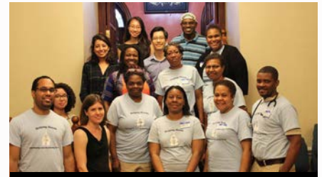
HELPING HANDS MINISTRY

Helping Hands Ministry is a faith-based social ministry of The Temple of Restoration. Faith-based social ministry refers to faith-based responses to social issues, linking faith to social responsibility. The mission of Helping Hands Ministry is to provide the community with social benefits that are based on biblical principles. Helping Hands accomplishes its mission via its community outreach programs. Our programs are based on biblical principles and focus on four areas: finance, health, family and youth enrichment. We minister to the “whole person” by addressing the social well-being needs of the community, in alignment with the evangelism outreach of The Temple of Restoration. We compassionately reach out to people in need and seek to change lives, empower people and transform our community.
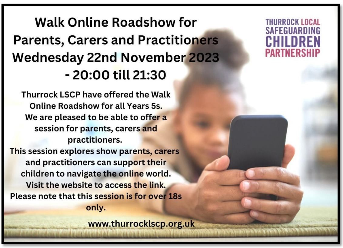
<u>Together,</u> <u>can work to ensure a safe and supportive environment for every student and family.</u>
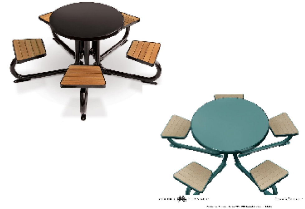
Colored Metal Table and Chairs
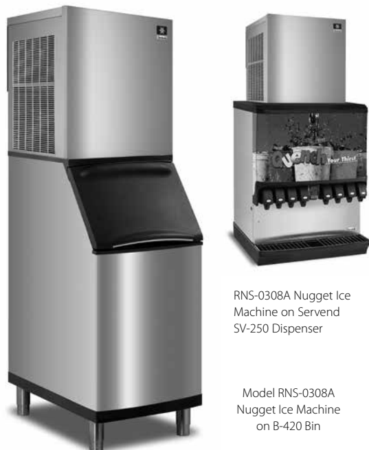
RNS-0308A Nugget Ice Machine on Servend SV-250 Dispenser
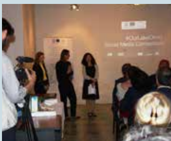
Awards ceremony at Palace of Culture, Pogradec
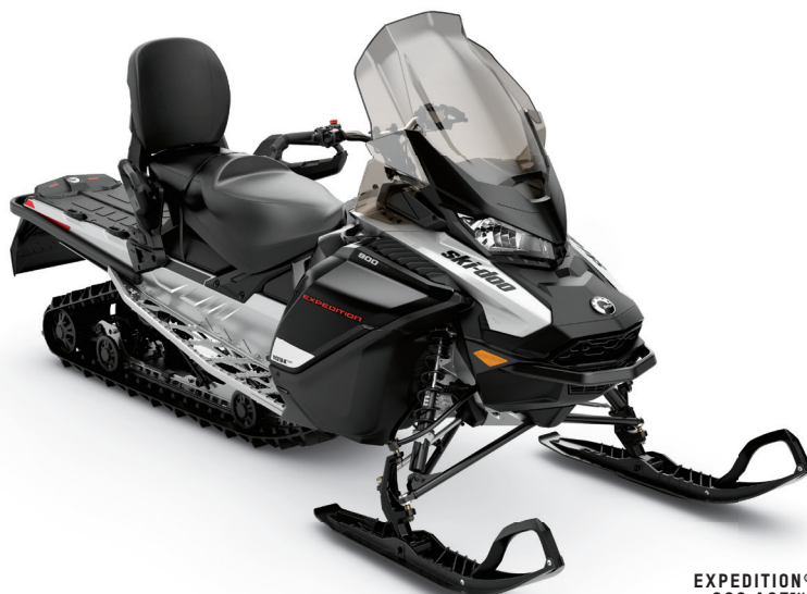
EXPEDITION® SPORT 900 ACE™ SHOWN

Ultra-responsive chassis for on- or off-trail rides and extensive array of sport-utility and 2-up features.

▶ **Task to complete**:
Give the material again exactly as it is, but keep the pictures out.

▶ **Final answer**:
HELPING HANDS MINISTRY

Helping Hands Ministry is a faith-based social ministry of The Temple of Restoration. Faith-based social ministry refers to faith-based responses to social issues, linking faith to social responsibility. The mission of Helping Hands Ministry is to provide the community with social benefits that are based on biblical principles. Helping Hands accomplishes its mission via its community outreach programs. Our programs are based on biblical principles and focus on four areas: finance, health, family and youth enrichment. We minister to the “whole person” by addressing the social well-being needs of the community, in alignment with the evangelism outreach of The Temple of Restoration. We compassionately reach out to people in need and seek to change lives, empower people and transform our community.
<u>Together,</u> <u>can work to ensure a safe and supportive environment for every student and family.</u>
Colored Metal Table and Chairs
RNS-0308A Nugget Ice Machine on Servend SV-250 Dispenser
Awards ceremony at Palace of Culture, Pogradec
EXPEDITION® SPORT 900 ACE™ SHOWN

Ultra-responsive chassis for on- or off-trail rides and extensive array of sport-utility and 2-up features.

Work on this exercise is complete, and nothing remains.